Oft mangelt es bereits am Textverständnis
Probleme erkennen Lehrer nicht erst in den Abschlussprüfungen. Stefan Mandl, der Biologie und Chemie unterrichtet, stößt in schriftlichen Arbeiten auf wahllose und unsortierte Argumente. Das Prüfen von Fachwissen werde erschwert: „Das Problem ist, dass oft schon das Textverständnis fehlt.“ Dabei liegen gerade solche Fähigkeiten im Fokus. An bayerischen Gymnasien soll kompetenzorientiert gearbeitet werden. Einzelne Kompetenzen wie das Leseverstehen werden einzeln geübt, getestet und bewertet. Während Schüler in Tests früher vor allem ihr Fachwissen beweisen mussten, bekommen sie heute zum Beispiel Aufgaben, bei denen sie einen Teil der Antworten aus einem beigefügten Text oder auch aus einer Grafik filtern müssen. Doch nach Mandls Erfahrung gelingt es den Schülern häufig nicht, die einzelnen geübten Kompetenzen zusammenzuführen. Der Lehrer kritisiert auch, dass das Fachwissen wegen der Kompetenzorientierung im Vergleich zu früher an Bedeutung verloren hat.
Mandls Kollegin Eyleen Schneider, die Mathematik und Physik unterrichtet, kritisiert die Probleme durch die großen Leistungsunterschiede der Schüler.
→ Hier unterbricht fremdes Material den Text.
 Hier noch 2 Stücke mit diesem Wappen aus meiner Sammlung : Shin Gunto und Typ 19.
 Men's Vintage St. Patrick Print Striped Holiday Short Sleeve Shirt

Sie sagt: „Die guten leiden unter dem System.“ Oft müsse der Lehrer eine Entscheidung treffen: Soll er den schwachen helfen, die guten fördern oder Unterricht für den Durchschnitt der Klasse machen? Manche Schulen versuchen, die Unterschiede aufzufangen. Beispielsweise werden für die beiden höchsten Klassen Q11 und Q12 leistungsdifferenzierte Mathekurse angeboten. „Ich kann meinen Unterricht besser fokussieren“, sagt Lehrerin Eyleen Schneider, die einen solchen Kurs unterrichtet.
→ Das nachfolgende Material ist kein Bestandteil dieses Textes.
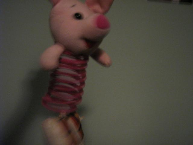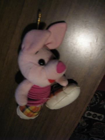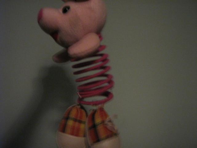 Mielas paršiukas su spyruoklė.Kojos jau kažkada buvo sutvirtintos savo siūlais,bet šeip gerai išsilaikęs dar~ūgis svyruoja nuo 21cm iki 85(labai ištempus)cm
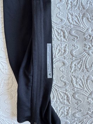 Mallas deportivas Adidas originales, ideales para running y entrenamientos. Tejido técnico AEROREADY, transpirable y de secado rápido. Color negro con detalles en rojo. Incluyen bolsillo trasero y ajuste cómodo que no se mueve al correr. En muy buen estado, sin rotos ni desgastes. Talla S (36 aprox.). Perfectas para correr, gimnasio o entrenar al aire libre.
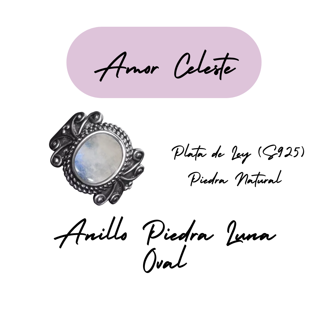 Anillo Piedra Lunar Oval - Amar Celeste - Plata de Ley
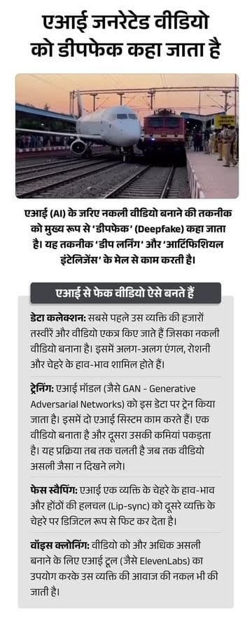 AI जनरेटेड वीडियो से स्टेशन दिखाया अभी पटेल ने एआई जनरेटेड वीडियो में जबलपुर रेलवे स्टेशन दिखाया। फिर ट्रैक पर इंजन खड़ा कर दिया, उसके बगल से एक बड़ा हवाई जहाज भी खड़ा था। दोनों में टक्कर हो गई। वीडियो में अभी पटेल स्वंय कमेंट्री भी करते हुए पूरी घटना बता रहा है।
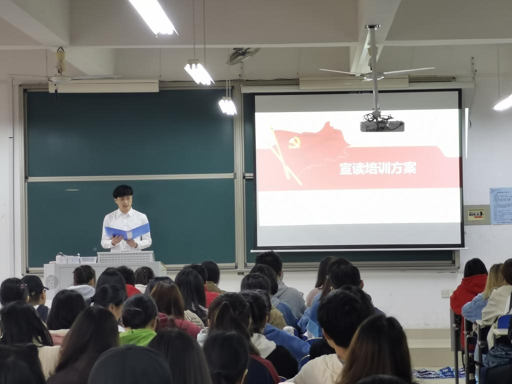 4月13日中午,化学学院分党校第37期入党积极分子培训班开班典礼暨第一次视频课于工科一号楼B203举行。本次会议由化学学院入党积极分子培训班副班主任崔英杰同志主持,化学学院党建辅导员刘文成老师、培训班全体积极分子参加。
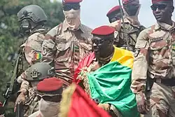 The move had been controversial and sparked massive protests before and after the referendum, which were brutally repressed, causing more than thirty deaths between October 2019 and March 2020.[2] After the constitutional amendment was approved, Condé won the 2020 presidential election and thus a third term in office. This was again followed by protests against the President, with opposition candidates accusing Condé of ballot stuffing.[6][10] Protests continued throughout the year, and were harshly repressed by security forces, claiming at least 12 civilian lives, including two children in Conakry.[11] France distanced itself from Condé following the 2020 election, leaving China, Egypt, Russia and Turkey foremost among the few powerful countries which continued to back the President.[12][13][14][15] This happened as fellow West African and Central African countries have experienced democratic backsliding: Chad went through its own military takeover in April 2021, Mali had two such overthrows within a year (in August 2020 and May 2021), while Ivory Coast elected a president for a third term amid considerable controversy and allegations of fraud.[12]

Fachwissen verliert an Bedeutung
Lehrervertreter Schäffer dagegen glaubt, dass sich die Lehrer irren, die das sinkende Niveau der Schüler kritisieren: „Da ist sehr viel verzerrte Wahrnehmung und sehr viel Idealisierung der Vergangenheit mit im Spiel“, sagt er. Leistungsunterschiede etwa habe es immer gegeben. Schäffer, selbst Deutschlehrer, beobachtet zwar auch, dass die sprachlichen Fähigkeiten der Schüler nachlassen. Dafür beherrschten die Schüler heute andere Dinge wesentlich besser als frühere Generationen. Außerdem gebe es inzwischen mehr Gymnasiasten, deren Eltern mit einer anderen Sprache als Deutsch aufgewachsen seien.
Dass das Fachwissen an Bedeutung verliert, hält Schäffer nicht für problematisch. Es werde zum größten Teil sowieso wieder vergessen. Er hält Kompetenzen, die in realen Lebenssituationen helfen, für wichtiger. Der Ingolstädter Lehrer plädiert dafür, den Lehrplan zu verschlanken. „Es sind zu viele Inhalte in zu vielen Fächern, die in zu wenig Zeit zu schnell durchgenommen und zu häufig und zu kleinschrittig abgeprüft werden“, sagt er.
In einem sind sich Schäffer und die Kritiker des Niveaus am Gymnasium einig: Der Lehrplan ist zu voll und die Zeit zu knapp, um den Schülern die Chance dazu zu geben, erfolgreicher zu lernen.